- Opening Delimiter -

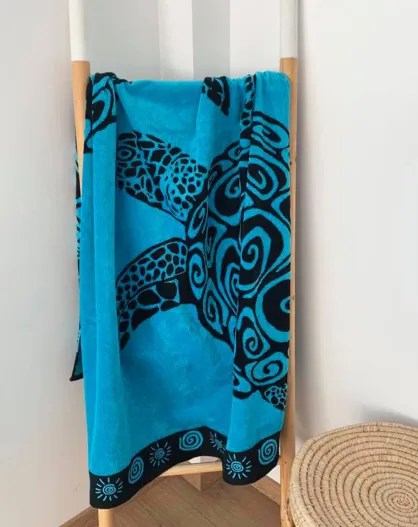 Turtle Turtle blauwe jacquard fluwelen badstof strandhanddoek - 100x175 cm
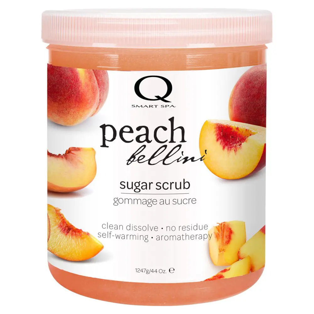 Gently buff away dead skin cells with the Qtica Smart Spa Peach Bellini Sugar Scrub.
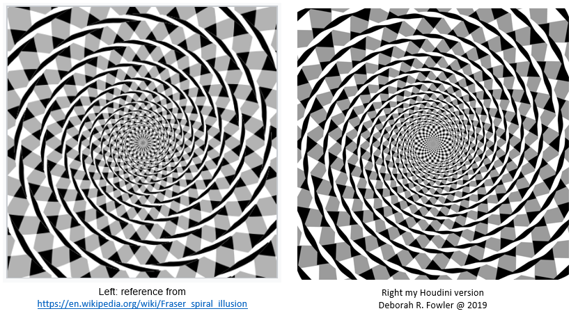 Another inspiration, again replicated using the same technique was found at https://creativemarket.com/Tartila/3852215-Optical-spiral-illusion.-Magic and can be found at https://www.123rf.com/photo_122571185_stock-vector-optical-spiral-illusion-magic-psychedelic-pattern-swirl-illusions-and-hypnotic-abstract-background-a.html I created the following in Houdini:
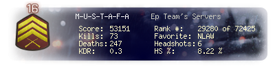 | Kill-streak | 5 | Death-streak | 20 | Team Kills | 0 |
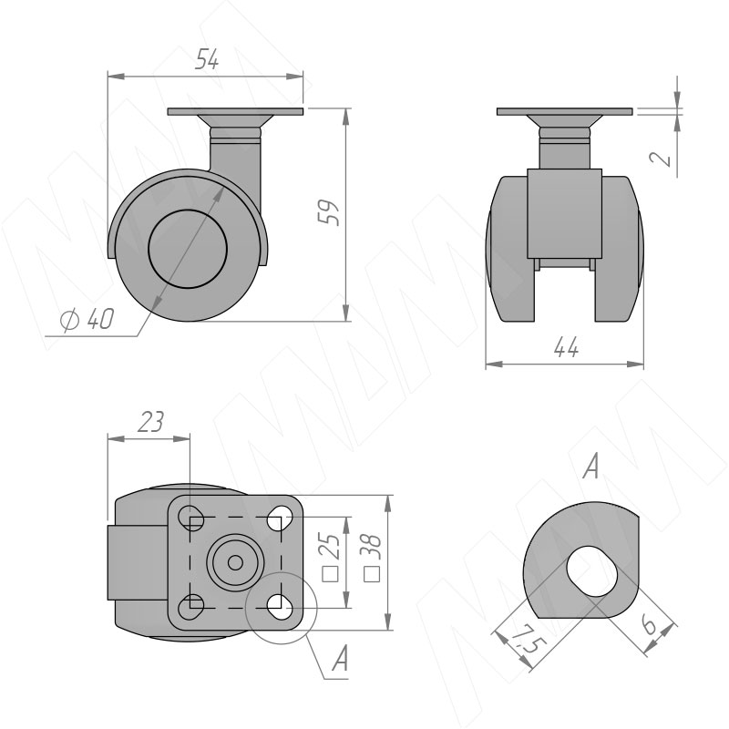 Размеры двухколесной опоры с площадкой, диаметр 40 мм, без стопора (артикул W04)Установка двухколесной опоры с площадкой, диаметр 40 мм, без стопора (артикул W04)
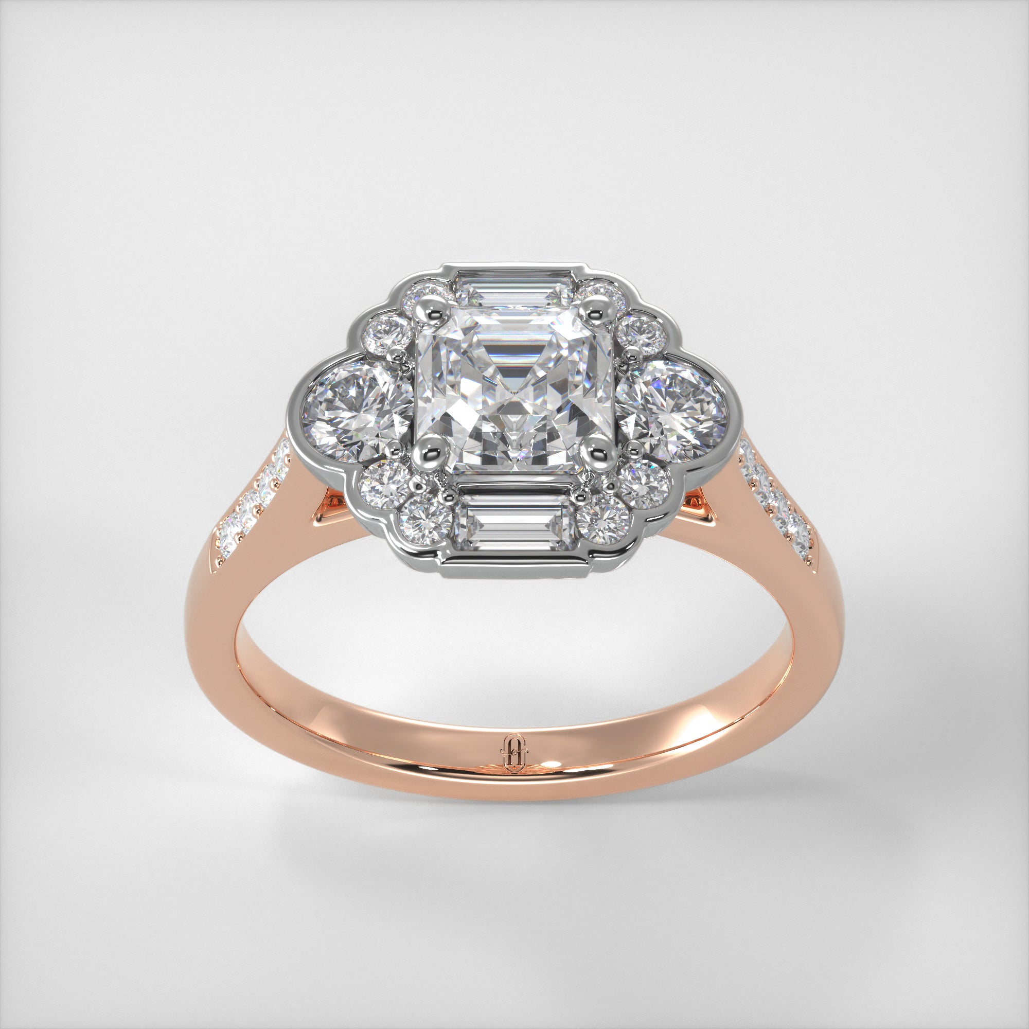 A dazzling ring with a beautiful Art Deco feel, the Tallulah is a favourite of the Alexandra Elizabeth team. Featuring an array of dazzling diamonds this piece has a total of 1.25ct made up of an Asscher, Baguettes and Round Brilliant Diamonds, covering the head and the shank of this ring. It is truly sparkling!

- Closing Delimiter -

» **TASK BRIEF**
Output each line of the records exactly. Any picture is skipped.

» **COMPLETED TASK**
 Turtle Turtle blauwe jacquard fluwelen badstof strandhanddoek - 100x175 cm
 Gently buff away dead skin cells with the Qtica Smart Spa Peach Bellini Sugar Scrub.
 Another inspiration, again replicated using the same technique was found at https://creativemarket.com/Tartila/3852215-Optical-spiral-illusion.-Magic and can be found at https://www.123rf.com/photo_122571185_stock-vector-optical-spiral-illusion-magic-psychedelic-pattern-swirl-illusions-and-hypnotic-abstract-background-a.html I created the following in Houdini:
 | Kill-streak | 5 | Death-streak | 20 | Team Kills | 0 |
 Размеры двухколесной опоры с площадкой, диаметр 40 мм, без стопора (артикул W04)Установка двухколесной опоры с площадкой, диаметр 40 мм, без стопора (артикул W04)
 A dazzling ring with a beautiful Art Deco feel, the Tallulah is a favourite of the Alexandra Elizabeth team. Featuring an array of dazzling diamonds this piece has a total of 1.25ct made up of an Asscher, Baguettes and Round Brilliant Diamonds, covering the head and the shank of this ring. It is truly sparkling!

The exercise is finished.